━━ Working data ━━
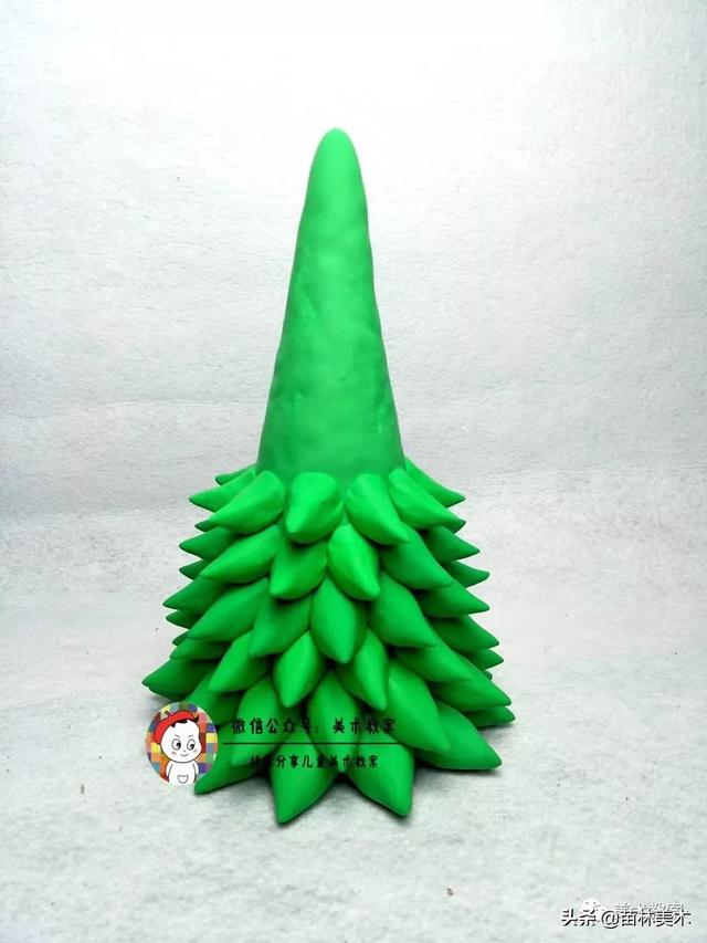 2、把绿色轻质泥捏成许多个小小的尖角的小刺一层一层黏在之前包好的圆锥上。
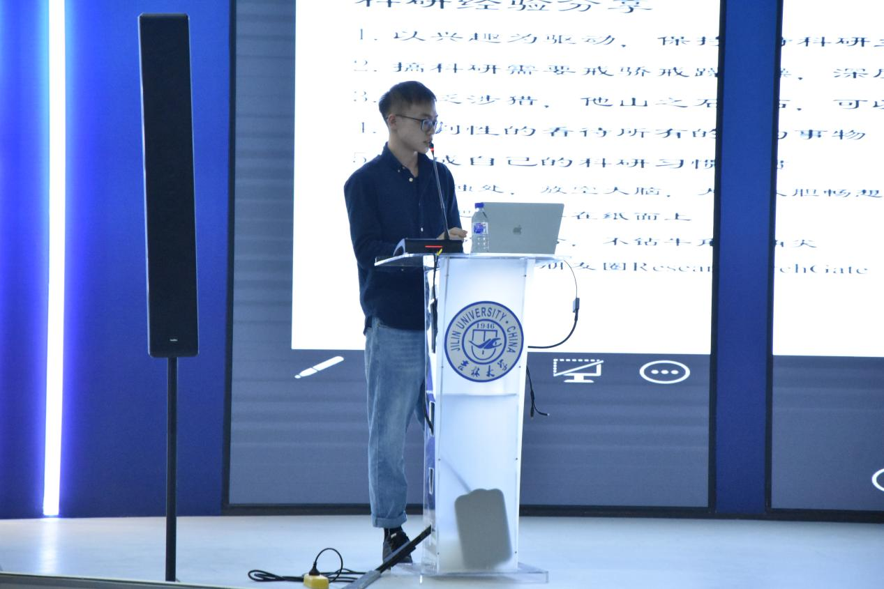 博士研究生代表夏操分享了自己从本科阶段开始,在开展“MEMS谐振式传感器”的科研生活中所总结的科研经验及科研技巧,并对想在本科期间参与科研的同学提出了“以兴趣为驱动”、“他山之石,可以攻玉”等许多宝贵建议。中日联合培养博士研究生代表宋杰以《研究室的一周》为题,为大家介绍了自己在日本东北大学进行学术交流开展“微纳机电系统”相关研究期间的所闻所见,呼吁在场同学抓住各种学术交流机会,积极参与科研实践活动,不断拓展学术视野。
━━━
━━ Working data ━━
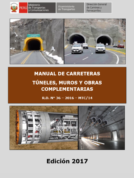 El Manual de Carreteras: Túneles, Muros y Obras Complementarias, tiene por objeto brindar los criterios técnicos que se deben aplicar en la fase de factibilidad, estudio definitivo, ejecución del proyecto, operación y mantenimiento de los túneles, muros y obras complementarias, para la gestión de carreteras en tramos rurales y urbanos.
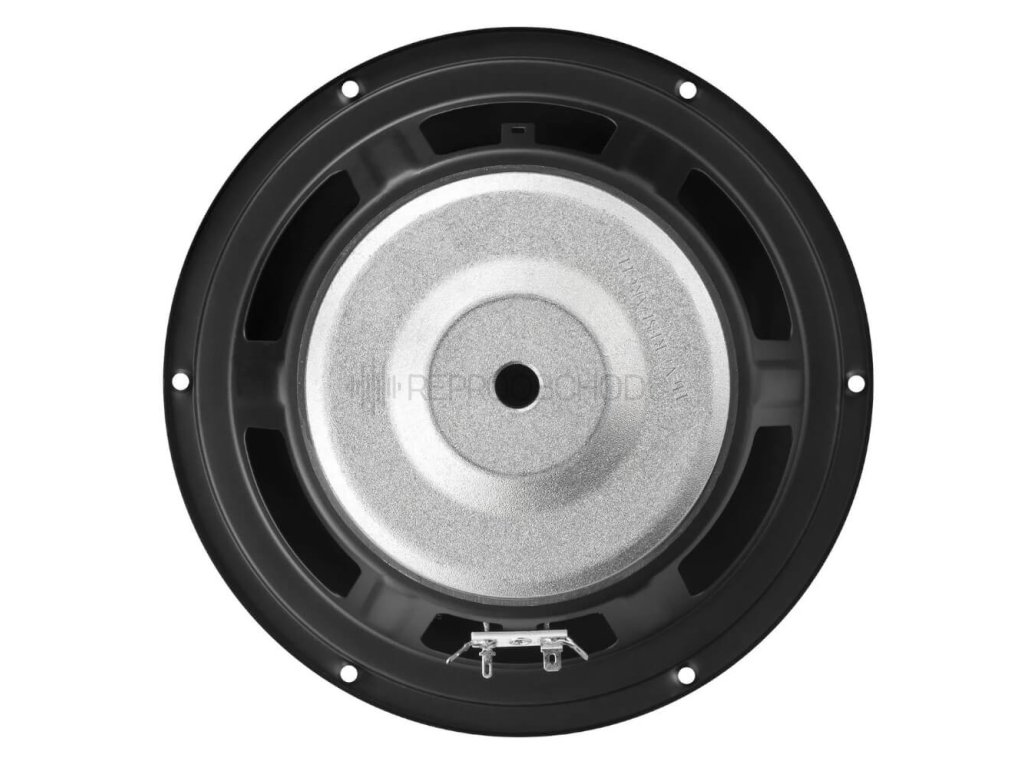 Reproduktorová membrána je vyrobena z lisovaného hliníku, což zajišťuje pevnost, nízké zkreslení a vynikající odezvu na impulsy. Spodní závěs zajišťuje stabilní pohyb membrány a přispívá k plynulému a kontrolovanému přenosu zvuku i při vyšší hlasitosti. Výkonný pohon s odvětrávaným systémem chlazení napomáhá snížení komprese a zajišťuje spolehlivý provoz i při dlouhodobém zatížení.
━━━
### What is required
With the pictures omitted, print the lines above exactly, beginning at the line with "2、把绿色轻质泥捏成许多个小小的尖角的小刺一层一层黏在之前包好的圆锥上。" and going on through the line with "博士研究生代表夏操分享了自己".

### Your response
 2、把绿色轻质泥捏成许多个小小的尖角的小刺一层一层黏在之前包好的圆锥上。
 博士研究生代表夏操分享了自己从本科阶段开始,在开展“MEMS谐振式传感器”的科研生活中所总结的科研经验及科研技巧,并对想在本科期间参与科研的同学提出了“以兴趣为驱动”、“他山之石,可以攻玉”等许多宝贵建议。中日联合培养博士研究生代表宋杰以《研究室的一周》为题,为大家介绍了自己在日本东北大学进行学术交流开展“微纳机电系统”相关研究期间的所闻所见,呼吁在场同学抓住各种学术交流机会,积极参与科研实践活动,不断拓展学术视野。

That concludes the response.